Nephroblastomatosis is a complex abnormality of nephrogenesis. Normal developmental anatomy of the kidney occurs when the ureteric bud contacts aggregates of primitive nephroblasts (metanephric blastema) in the paraspinal region of the developing embryo. Renal development occurs as a result of the interaction of the advancing and bifurcating ureteric bud which branch and form the collecting system of the kidney and the metanephric blastema which give rise to form epithelial and stromal elements of the kidney. Metanephric blastema lies peripherally in the subcapsular and interlobular spaces. Nephrons and associated supporting structures arise from the metanephric blastema. Nephrogenesis is complete in the normal fetus at 34-36 weeks of gestation.

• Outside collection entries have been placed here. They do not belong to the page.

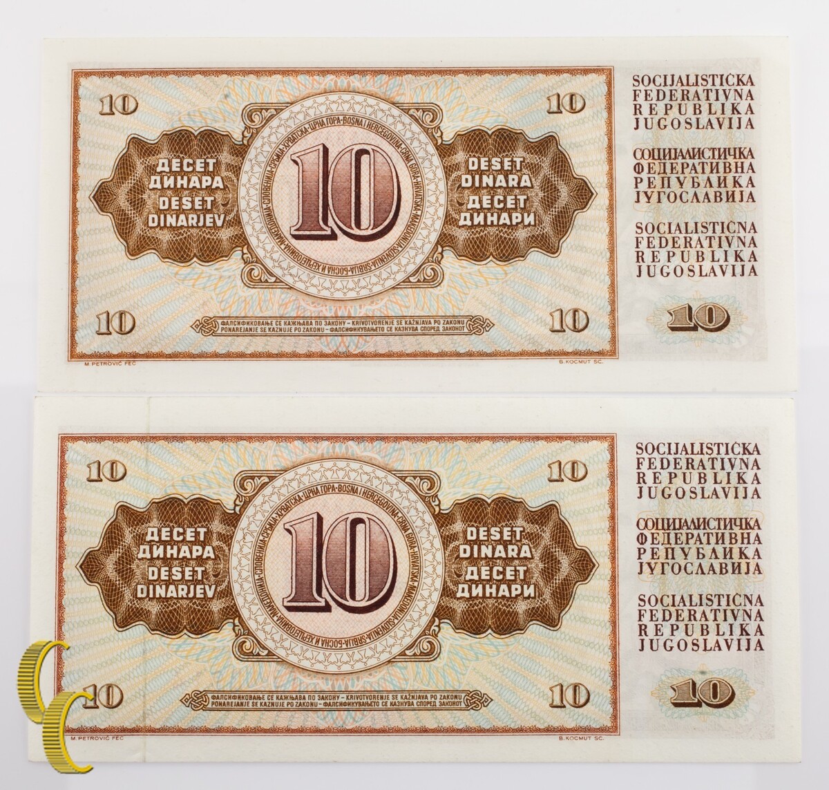 1968 Yugoslavia 2 pc 10 Dinar Note Lot ( and 50 similar items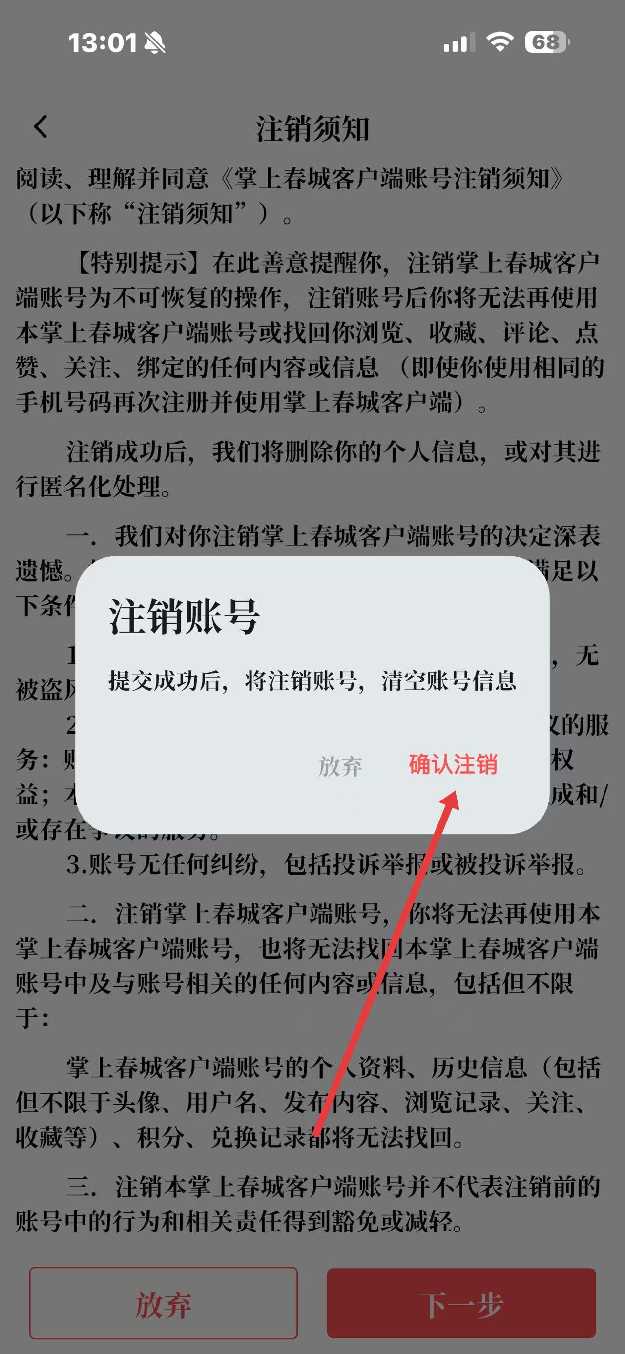 4、仔细阅读注销须知,确认后在弹出的提示框中点击确认注销完成账号注销。
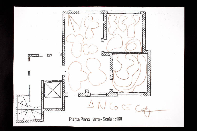 matita sanguigna scura su fotocopia di carta bianca. Colore: nero, marrone. Soggetto: progetto di pavimento. Scritta: "pianta piano terra - scala 1:100". Disegno firmato sul recto con matita sanguigna scura: "Angela".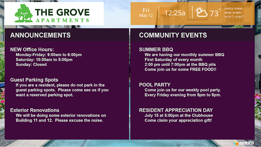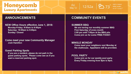 Perfect for a wall-mounted TV in your building lobby, leasing office, or other common areas. Customize the display with your property logo and local weather.

Nephroblastomatosis is defined as the persistence of metanephric blastema, also known as nephrogenic rests, into infancy and childhood. Beckwith classified nephrogenic rests as dormant (nascent), sclerosing (obsolescent) or hyperplastic/neoplastic. Thus, nephrogenic rests may regress, sclerose or become hyperplastic/mitotically active or give rise to larger and frankly neoplastic rests such as Wilm's tumor. Nephroblastomatosis can be differentiated from Wilm's tumor by its gross and microscopic appearance and imaging characteristics. Nephroblastomatosis is usually diffuse, involves the entire subcapsular portion, has no renal capsule, has a lobulated margin separating it from underlying uninvolved kidney and has a uniform pink-flesh appearance and firm consistency. On the other hand, Wilm's tumors are usually a bulky, spherical mass, occupies one portion of the kidney with areas of necrosis, hemorrhage and macroscopic cysts. On ultrasound, nephroblastomatosis may show enlarged kidneys and hypoechoic foci in a diffuse or mutifocal pattern or normal appearing enlarged kidneys. On CT, nephroblastomatosis may appear as a multifocal or diffuse subcapsular layer of abnormal hypodense tissue. Nephrogenic rests may not demonstrate enhancement with IV contrast material. Normal enhancing renal tissue is typically seen in the central portion of the kidney.
Treatment options for patients with nephroblastomatosis include follow-up with ultrasound or CT every 2-6 months. Chemotherapy in nephroblatomatosis is controversial. Beckwith recommends use of chemotherapy in stage 1 WT and histologically proven nephroblastomatosis to decrease the size of the lesion. Although potential for malignant transformation is low, the mass effect of growing nephrogenic rests may mechanically injure the kidney. These benefits may be outweighed against the potential long term side effects and unproven efficacy of chemotherapy.